É mais fácil destruir do que construir, isso é intuitivo. A
existência pessoal nunca está acabada, apesar de todas acabarem. A vida é
construída o tempo todo, mas basta um mísero infortúnio, como uma agulha
contaminada ou um alucinado de arma em punho, para que a morte se apresente com
toda sua perversidade, sempre à espreita para alegria das funerárias, esse
serviço funesto que lucra com a tristeza alheia. Toda mudança pode ser vista
como uma morte, da convicção, aquela idéia acoplada ao ego. Os impacientes são
agressivos diante das transições; quem não percebeu o valor das sutilezas quer
passar como um trator sobre o incompreensível, portanto incontrolável e
amedrontador, isto é, algo acima de suas forças rudimentares. Os orientais há
muito sabem e ensinam a virtude da paciência, estão acostumados com o contato
com a natureza, tão grandiosa e sublime quando contemplada em conforto, e com
as relações sociais em ambientes sofríveis e apinhados; a vida zen arrefece a
agressividade teimosa que a qualquer momento pode irromper como uma bomba.

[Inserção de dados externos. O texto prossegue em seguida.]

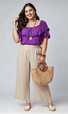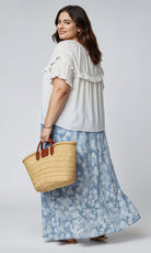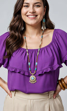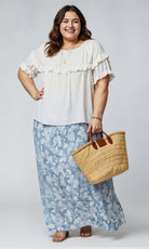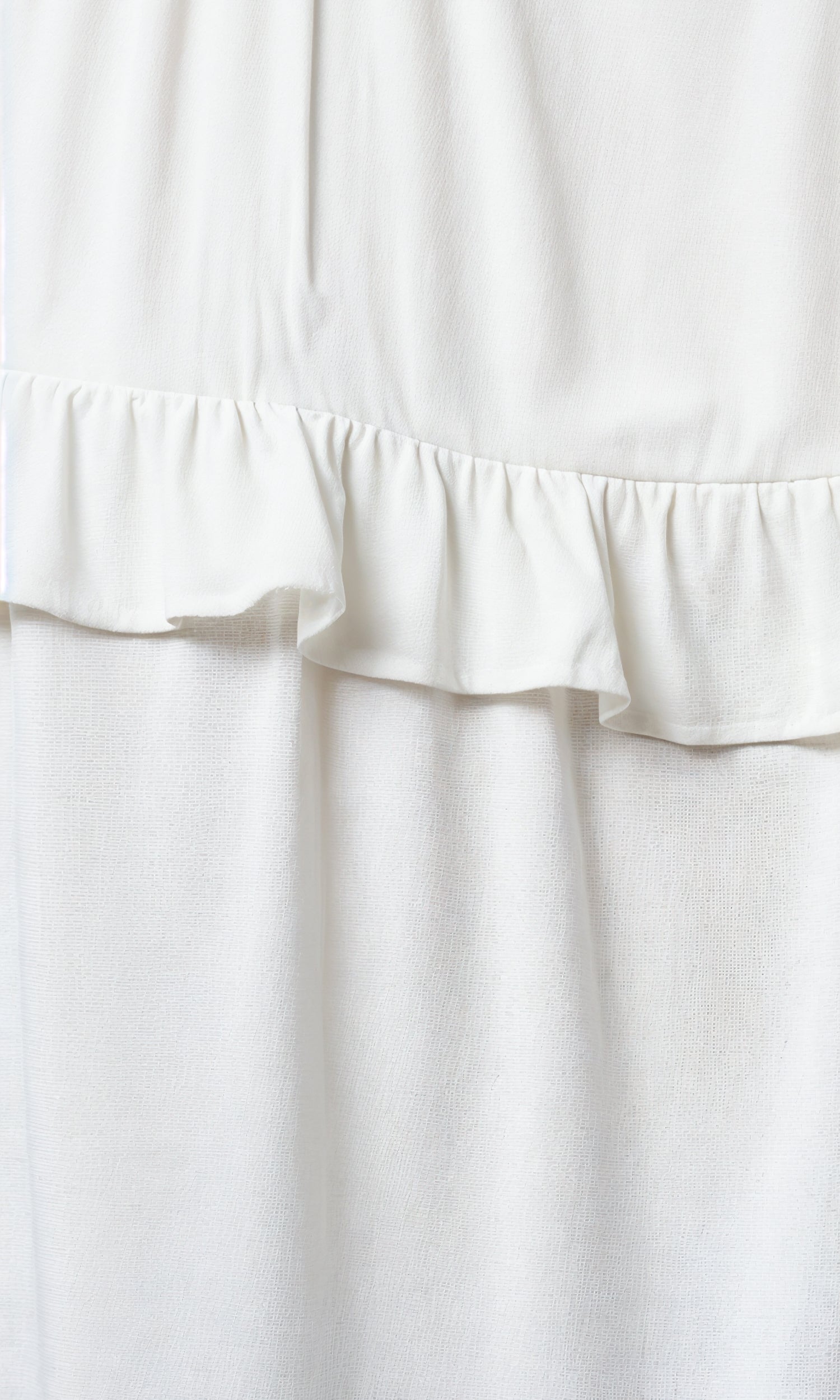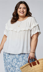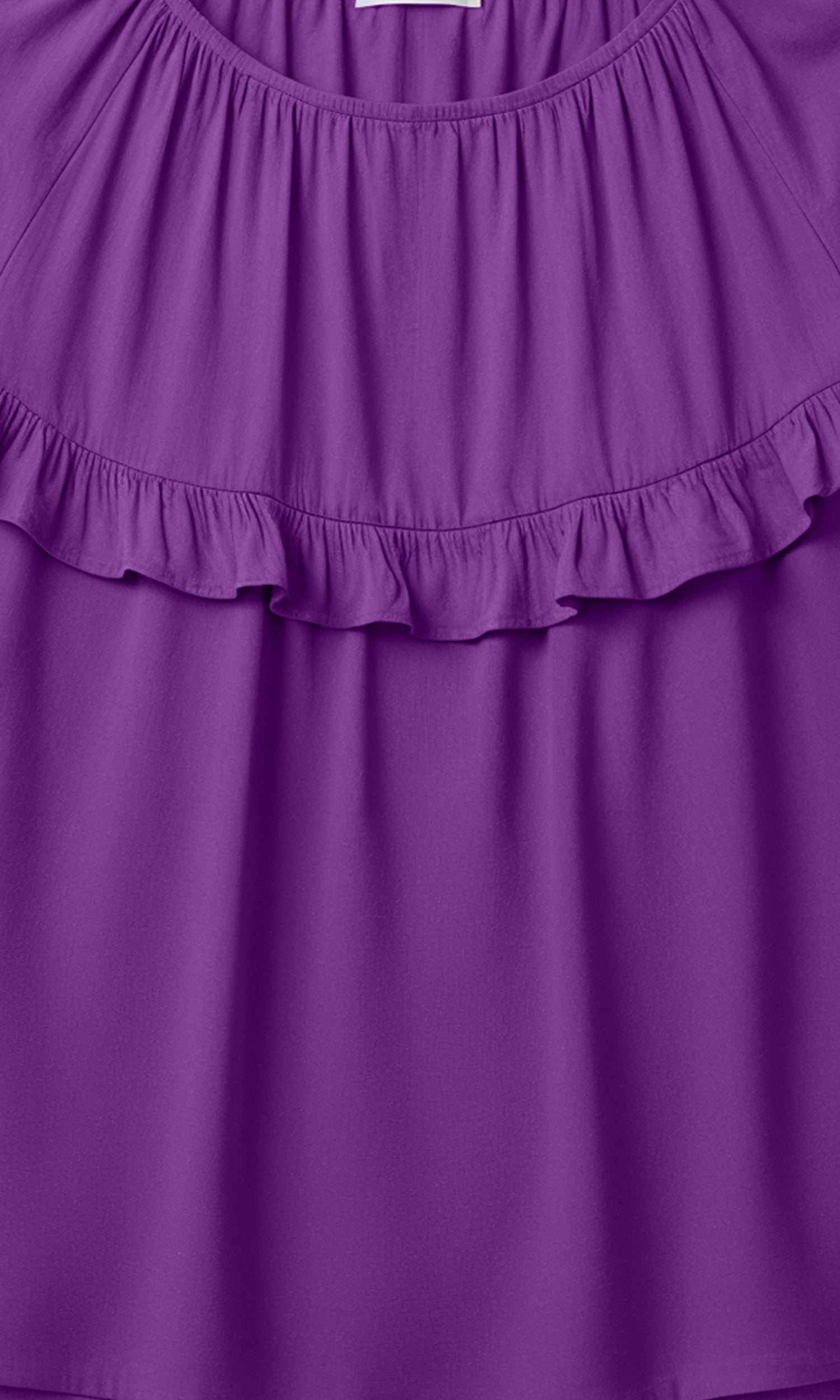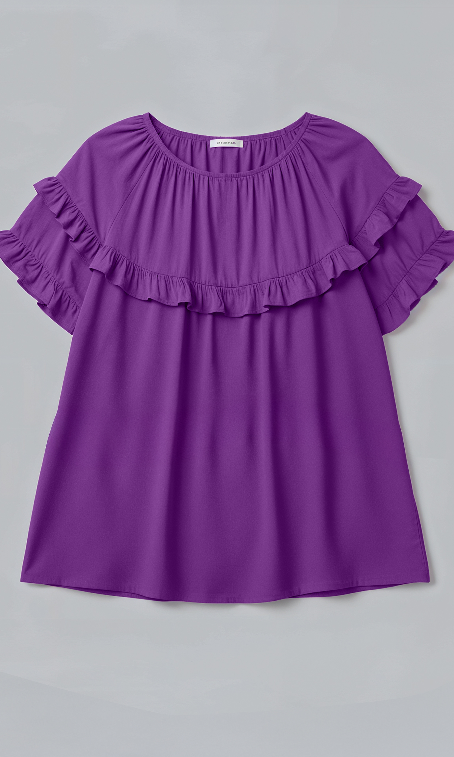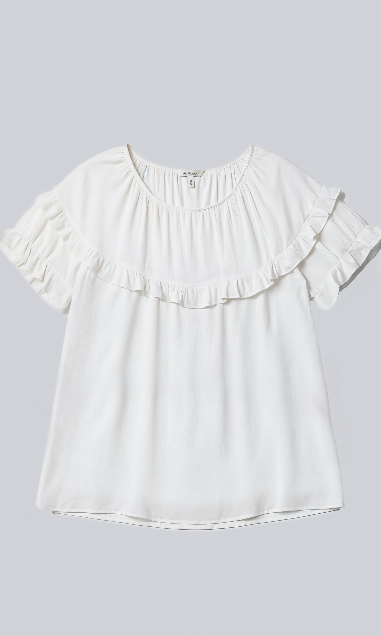 A softly draped T-shirt featuring a delicate ruffled neckline that flatters your shoulders without clinging.

Os jovens de hoje, os garotinhos criados em apartamento, em
condomínio ou outro lar urbano, quase sempre trancafiados por causa do zelo
excessivo de pais atordoados com as notícias alarmantes da violência sempre
crescente, apesar de nunca citarem as estatísticas em queda, esses jovens quase
não têm raiz, isto é, há pouca tradição transmitida, não sabem de onde vieram e
se identificam com algo imediato que lhes afeta. Não é tanto culpa da falta de
comunicação dos pais, estes também desconhecem a própria linhagem ou então
querem esquecer um passado rural e tortuoso, digno de pena diante de valores
burgueses tão em voga nos shoppings, vitrines e anúncios metropolitanos; é mais
culpa do acelerado êxodo rural e da falta de mestres, com excesso de ídolos.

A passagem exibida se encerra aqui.